Libmeldy works by a process known as ex vivo gene therapy. The patient's own CD34+ haematopoietic stem and progenitor cells are collected via bone marrow harvest. These cells are then genetically modified in a specialised laboratory using a lentiviral vector — a harmless, modified virus — that inserts a functional copy of the human ARSA gene into the cells' DNA. After the patient undergoes myeloablative conditioning with busulfan (a type of intensive chemotherapy that clears the bone marrow), the genetically modified cells are infused back into the patient intravenously.

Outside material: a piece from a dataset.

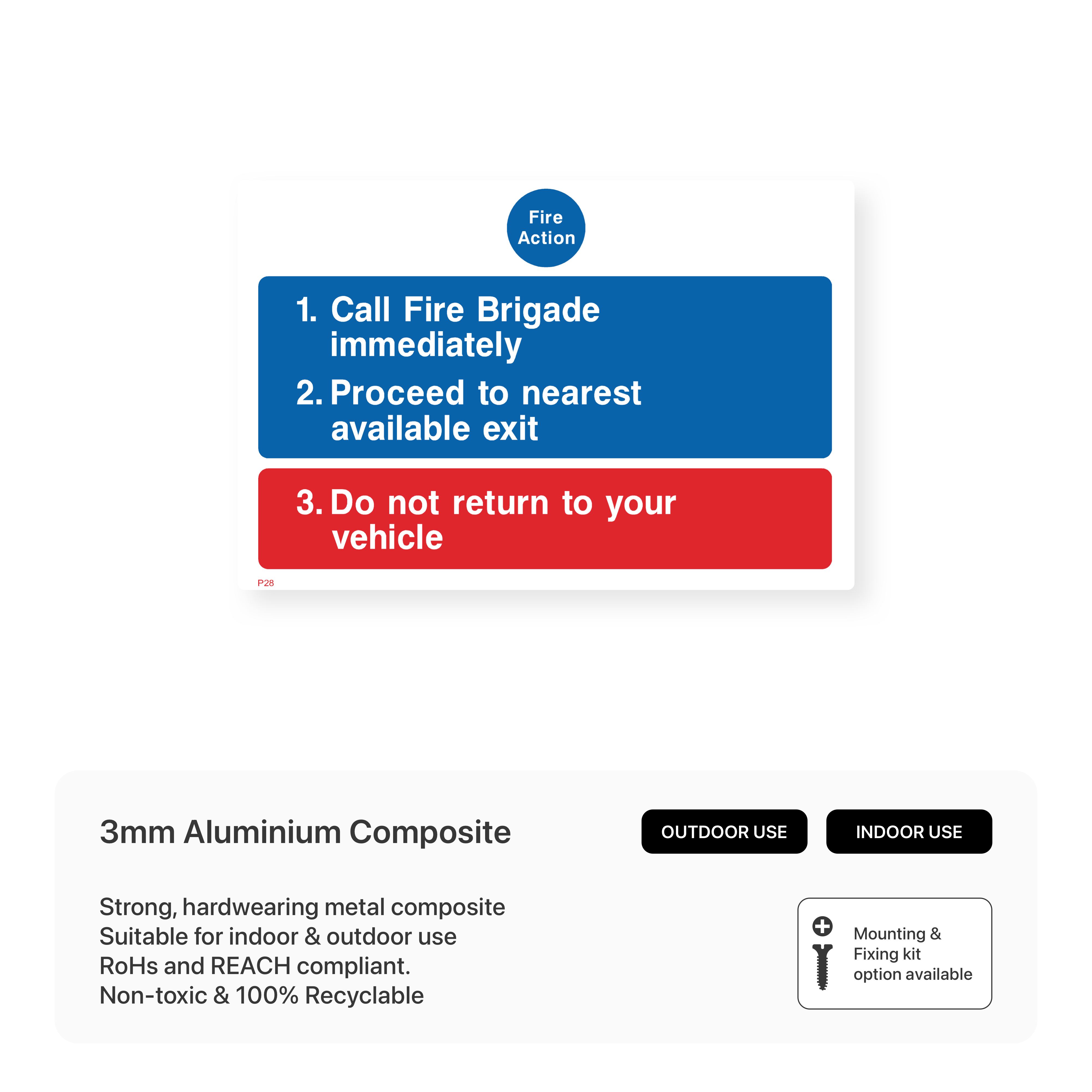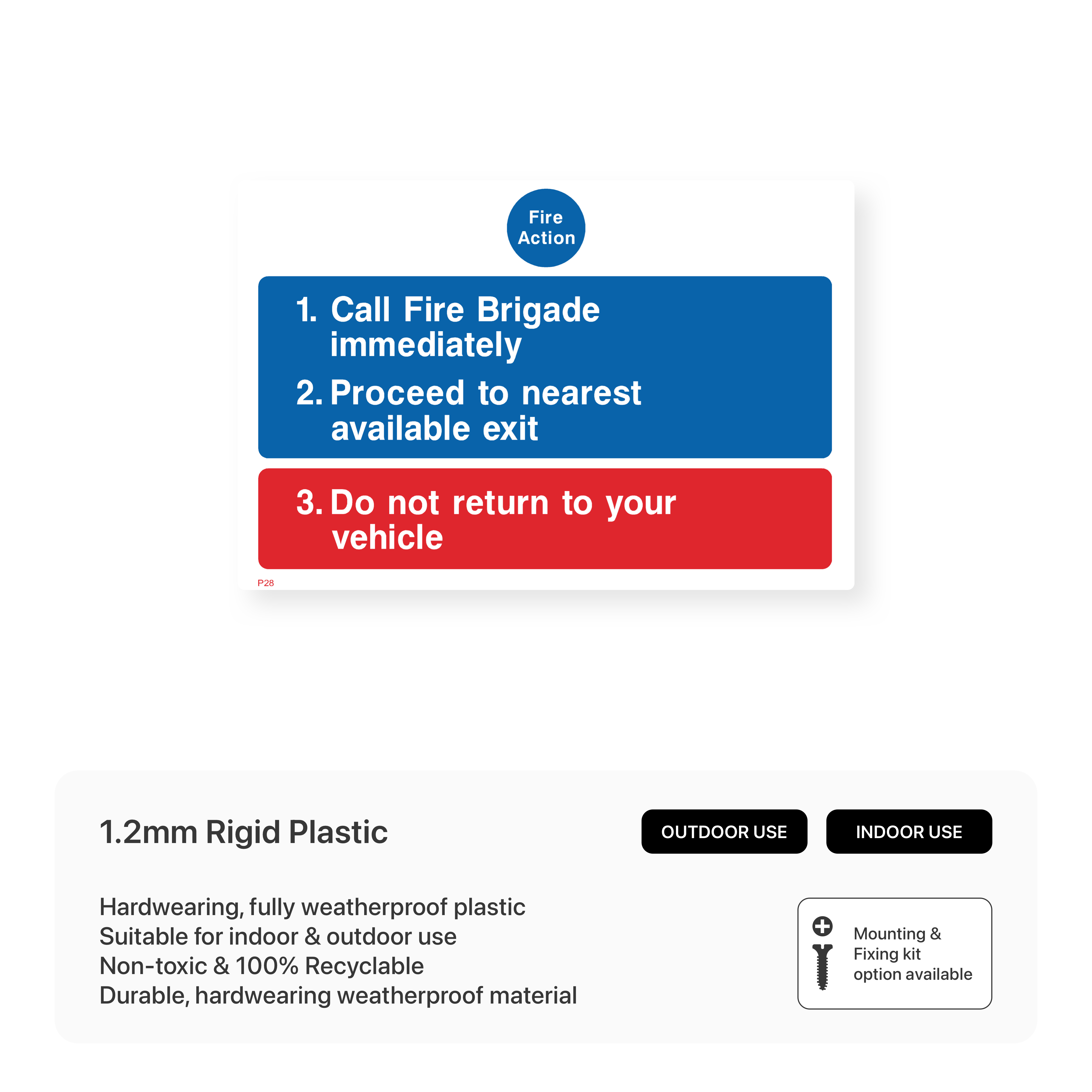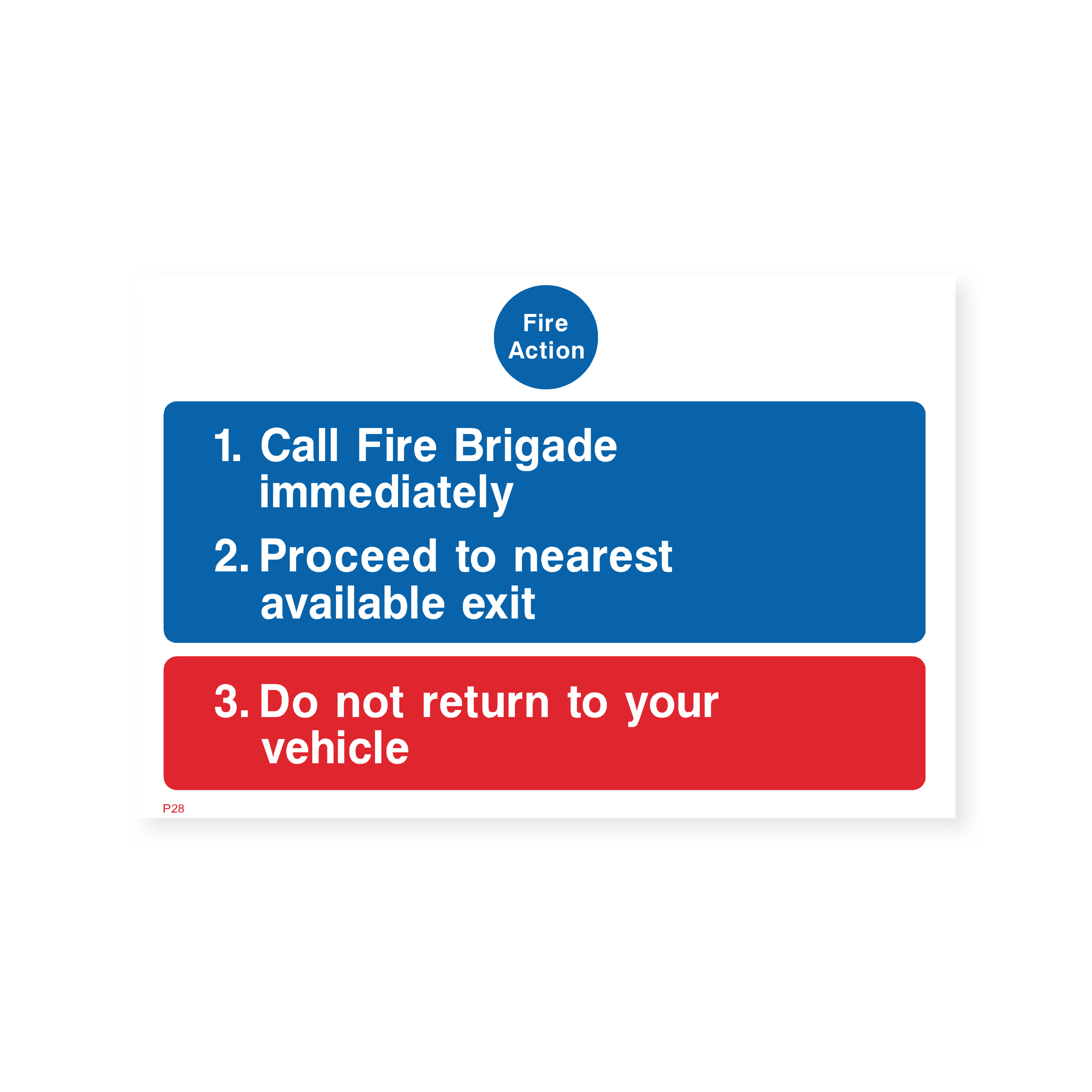 Provide clear fire safety instructions with our "Fire Action" sign. This sign outlines the necessary steps to take in case of a fire, including calling the fire brigade and evacuating the premises. Ensure the safety of your car park users with this essential sign. Choose from various sizes and materials to suit your specific needs.

Once infused, the modified cells engraft in the bone marrow and begin producing functional ARSA enzyme. Crucially, a subset of these cells differentiates into microglia (immune cells of the brain) and macrophages, which migrate across the blood-brain barrier into the central nervous system. There, they secrete ARSA enzyme, which is taken up by neighbouring cells through a process called cross-correction. This mechanism allows the therapy to address sulfatide accumulation in both the peripheral and central nervous systems.
Approved Indications
Libmeldy is specifically indicated for children with MLD characterised by biallelic mutations in the ARSA gene, in the following populations:
- Late infantile form: Children who are pre-symptomatic (have not yet developed clinical manifestations of MLD)
- Early juvenile form: Children who are either pre-symptomatic, or who are in the early symptomatic stage and still have the ability to walk independently, with no onset of cognitive decline
What Should You Know Before Taking Libmeldy?
Before a child can receive Libmeldy, extensive medical evaluation is required to ensure they are eligible and that the potential benefits outweigh the risks. The treatment process is complex and involves several weeks of preparation, including stem cell collection, manufacturing of the gene therapy product, and conditioning chemotherapy. Families must understand the full treatment journey and the long-term monitoring requirements.
Contraindications
Libmeldy must not be given in the following situations:
- Hypersensitivity to the active substance or any of the excipients, including dimethylsulfoxide (DMSO)
- Previous haematopoietic stem cell gene therapy — patients who have previously received any gene therapy involving haematopoietic stem cells are not eligible
- Contraindications to mobilisation agents or myeloablative conditioning — patients who cannot receive busulfan chemotherapy due to medical reasons
Warnings and Precautions
There are several important warnings and precautions associated with Libmeldy treatment:
Specialised treatment centres: Libmeldy must only be administered at qualified treatment centres with documented experience in haematopoietic stem cell transplantation (HSCT). The healthcare team must have specific training in the administration of this gene therapy product.
Autologous use only: Libmeldy is manufactured from the patient's own cells and must only be given to the patient for whom it was made. Strict identity verification procedures must be followed before administration to prevent mix-ups.
Myeloablative conditioning risks: Before infusion, the patient must undergo myeloablative conditioning with busulfan, which carries significant risks including prolonged and severe cytopenia (dangerously low blood cell counts), febrile neutropenia, infections, and veno-occlusive liver disease. Patients require intensive supportive care during this period.
Engraftment failure: There is a risk that the modified cells may not successfully engraft in the bone marrow. Engraftment failure is defined as an absolute neutrophil count below 500 cells per microlitre with hypocellular bone marrow by day 60 post-infusion. A rescue bone marrow infusion must be available as a safety measure.
Insertional oncogenesis: As with any gene therapy using a viral vector, there is a theoretical risk that the lentiviral vector could insert into the DNA near a gene that promotes cancer development, potentially leading to leukaemia or lymphoma. While no cases of insertional oncogenesis have been reported in clinical trials with Libmeldy, long-term monitoring for at least 15 years after treatment is required.
False positive HIV tests: Because the lentiviral vector used in Libmeldy is derived from HIV, patients may test positive on HIV nucleic acid tests (PCR) after treatment. This is a false positive result. Healthcare providers should be informed about the patient's treatment history before any HIV testing.
Anti-ARSA antibodies: Approximately 14% of patients in clinical trials developed antibodies against the ARSA enzyme. In most cases, these antibodies were at low levels and resolved spontaneously or with rituximab treatment. Anti-ARSA antibody levels are monitored at regular intervals for up to 15 years after treatment.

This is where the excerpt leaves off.